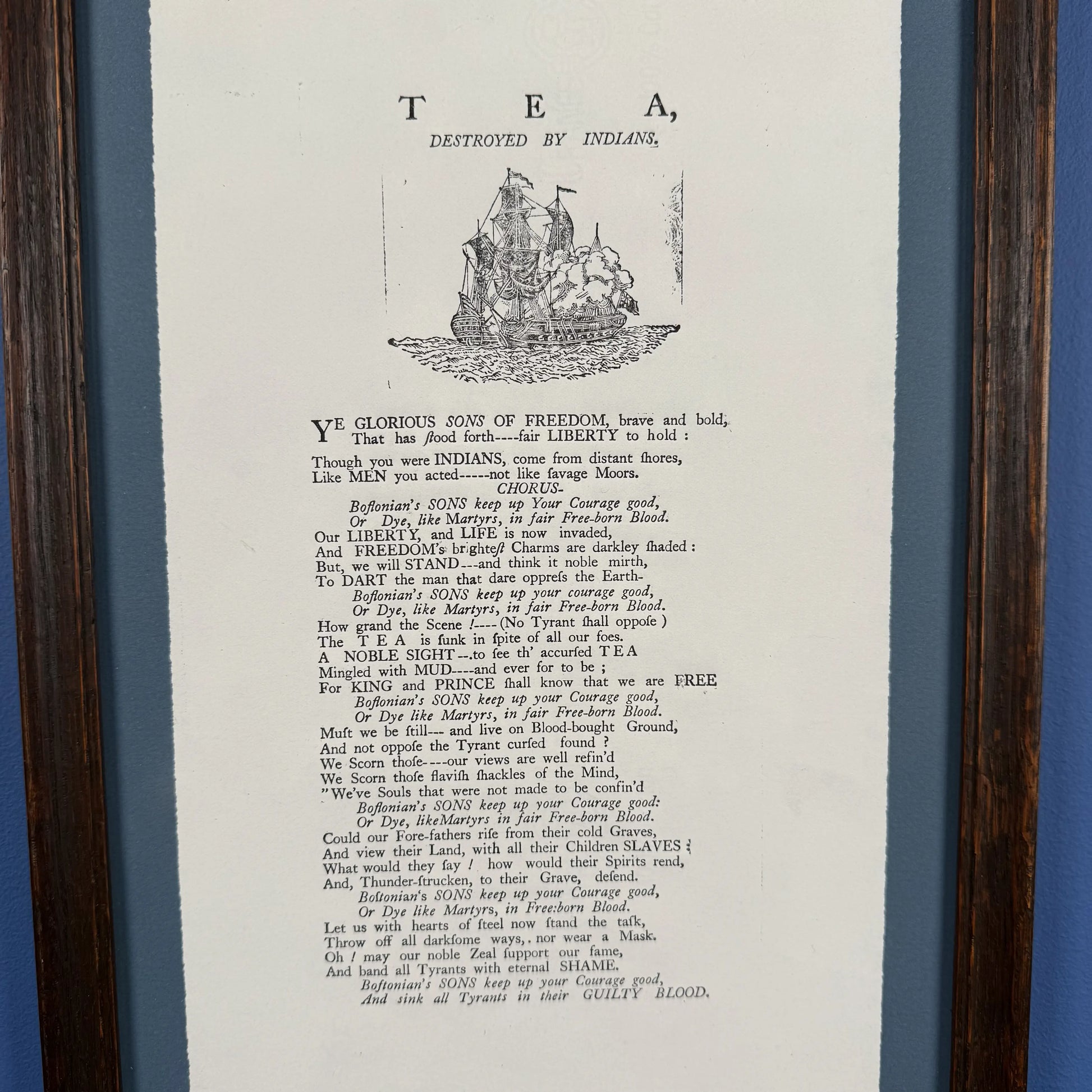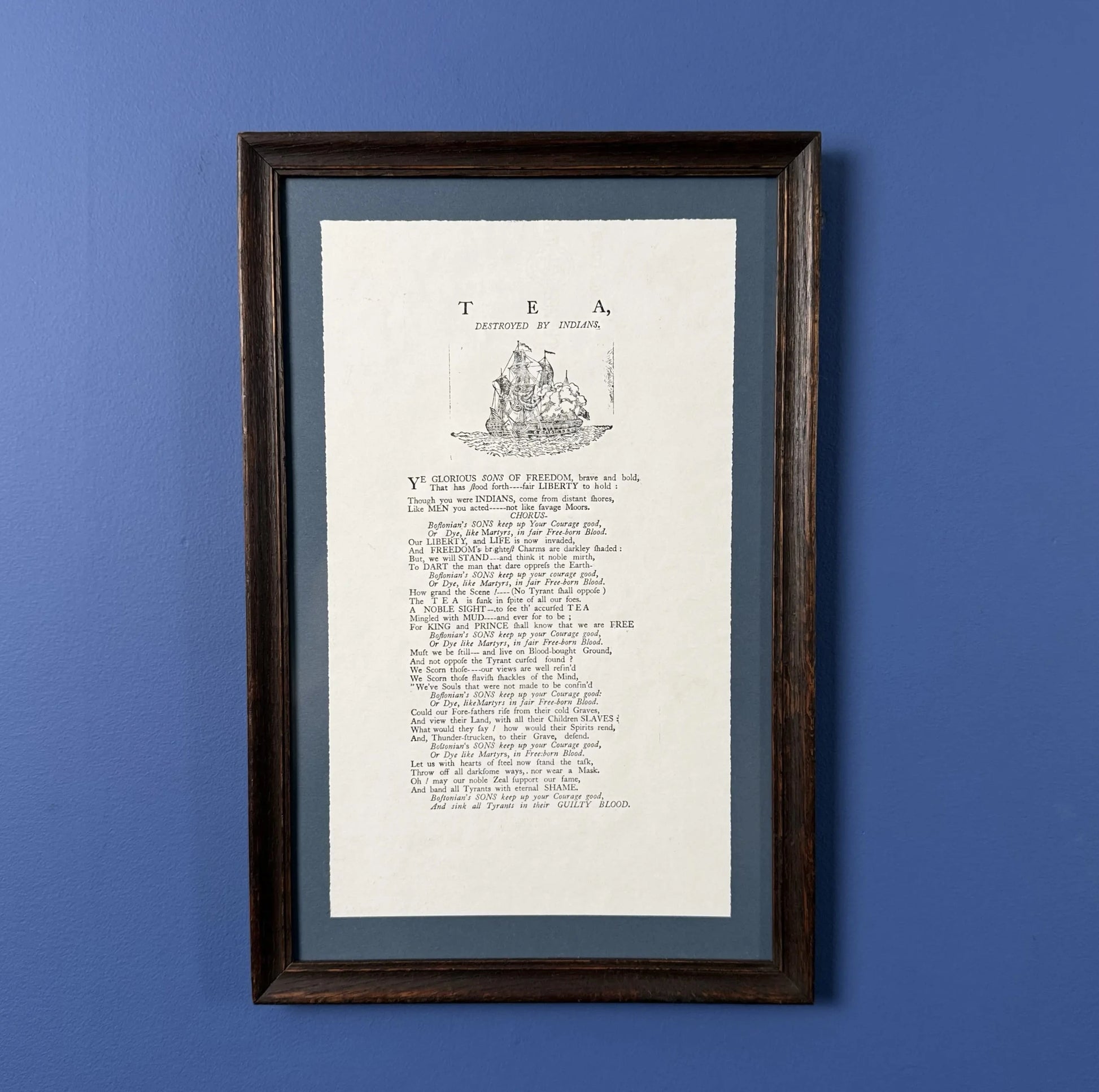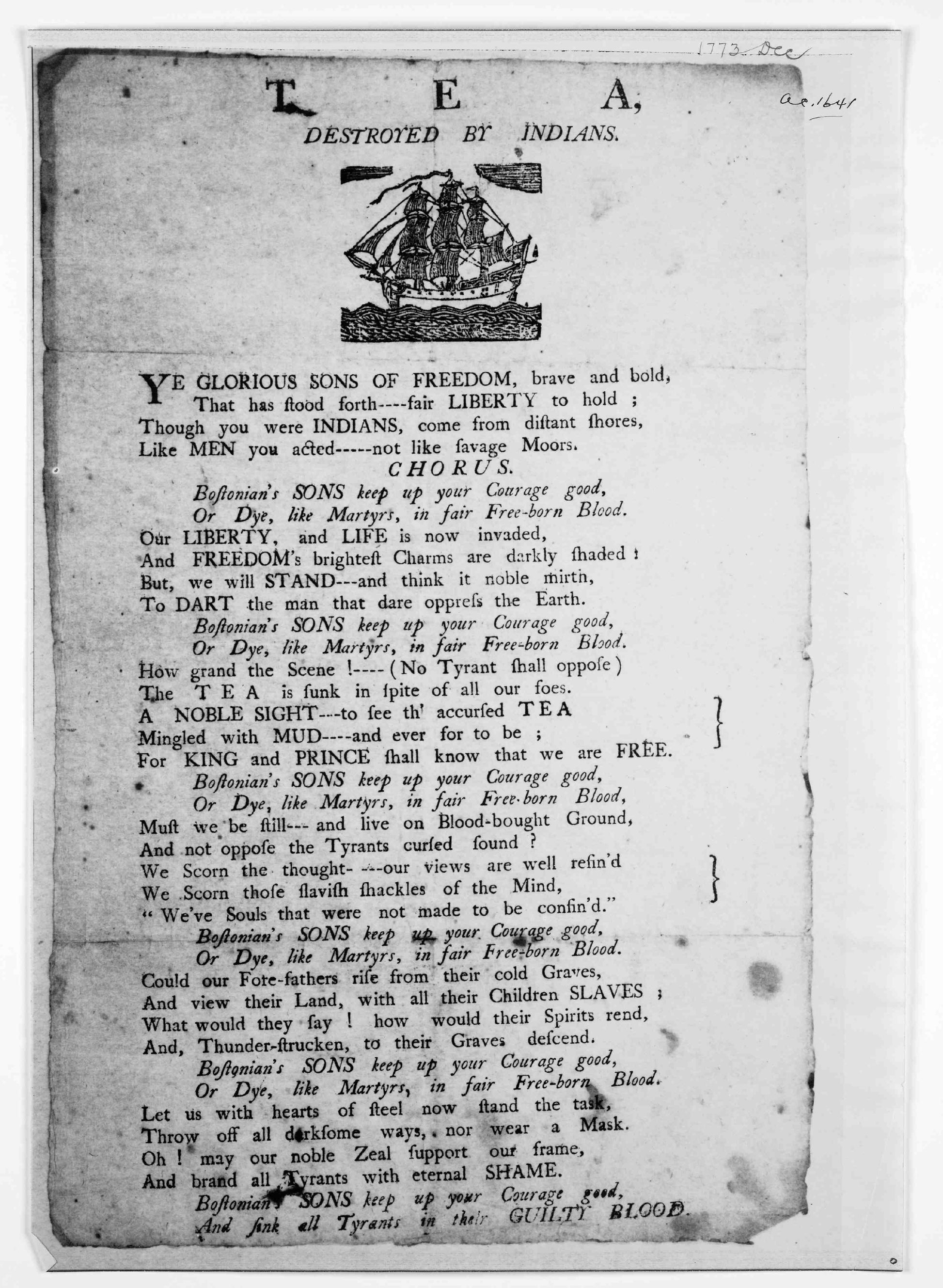 This is a reproduction of a 1773 broadside contains a poem praising the patriots who stormed the British tea ships during the Boston Tea Party.
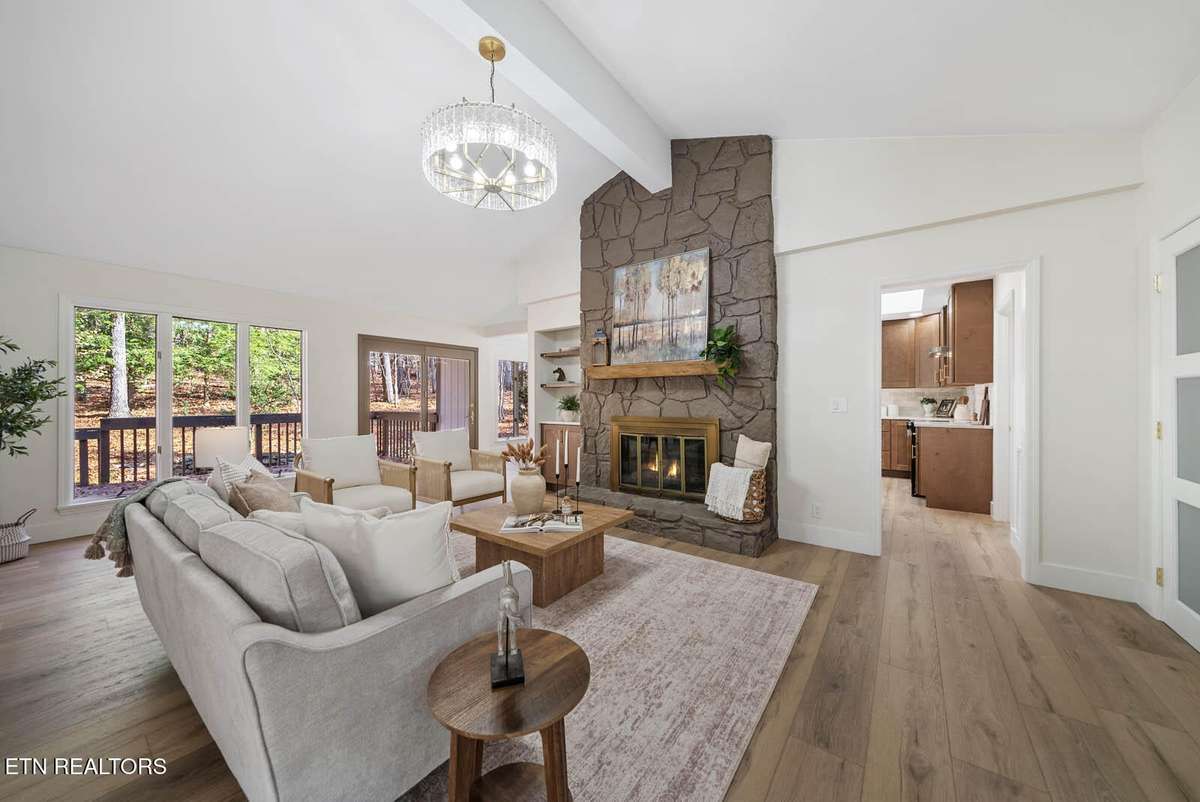 Set on a quarter- acre, this 3- bed, 2- bath home has been meticulously renovated to balance modern function with warm, intentional style. Vaulted ceilings and premium luxury- vinyl plank flooring flow throughout, framed by 6- inch baseboards and designer lighting that elevates every room. A wood- burning fireplace anchors the main living space, while frosted three- panel glass doors along the front wall conceal a custom closet organization system.
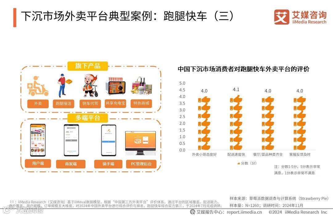 跑腿快车旗下主营外卖、跑腿接送、快车代驾、共享充电宝和特产商城等业务,凭借多端平台的无缝连接形成商业闭环。iiMedia Research(艾媒咨询)数据显示,消费者对跑腿快车平台的使用满意度较高,在外卖小哥态度、配送速度、餐厅/菜品种类和客服反馈方面,均打出了4.0分及以上的分数。跑腿快车凭借其精细化运营与优质服务,在下沉市场外卖平台中脱颖而出,2024年,跑腿快车更是荣获中国外卖平台全国第三名[1],得到市场的高度认可。
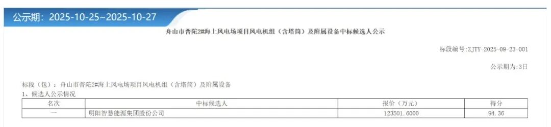 北极星风力发电网获悉,10月24日,浙能集团舟山市普陀2#海上风电场项目风电机组(含塔筒)及附属设备中标候选人公示,明阳智能预中标,报价:123501.6000万元。舟山市普陀2#海上风电场项目位于舟山市普陀区六横岛东南侧海域,场址中心离岸...

What you will do
Find the line with "Set on a quarter- acre, this" in the listing above, then write it out along with every later line through the last one, exactly, omitting pictures.

Completed task
 Set on a quarter- acre, this 3- bed, 2- bath home has been meticulously renovated to balance modern function with warm, intentional style. Vaulted ceilings and premium luxury- vinyl plank flooring flow throughout, framed by 6- inch baseboards and designer lighting that elevates every room. A wood- burning fireplace anchors the main living space, while frosted three- panel glass doors along the front wall conceal a custom closet organization system.
 跑腿快车旗下主营外卖、跑腿接送、快车代驾、共享充电宝和特产商城等业务,凭借多端平台的无缝连接形成商业闭环。iiMedia Research(艾媒咨询)数据显示,消费者对跑腿快车平台的使用满意度较高,在外卖小哥态度、配送速度、餐厅/菜品种类和客服反馈方面,均打出了4.0分及以上的分数。跑腿快车凭借其精细化运营与优质服务,在下沉市场外卖平台中脱颖而出,2024年,跑腿快车更是荣获中国外卖平台全国第三名[1],得到市场的高度认可。
 北极星风力发电网获悉,10月24日,浙能集团舟山市普陀2#海上风电场项目风电机组(含塔筒)及附属设备中标候选人公示,明阳智能预中标,报价:123501.6000万元。舟山市普陀2#海上风电场项目位于舟山市普陀区六横岛东南侧海域,场址中心离岸...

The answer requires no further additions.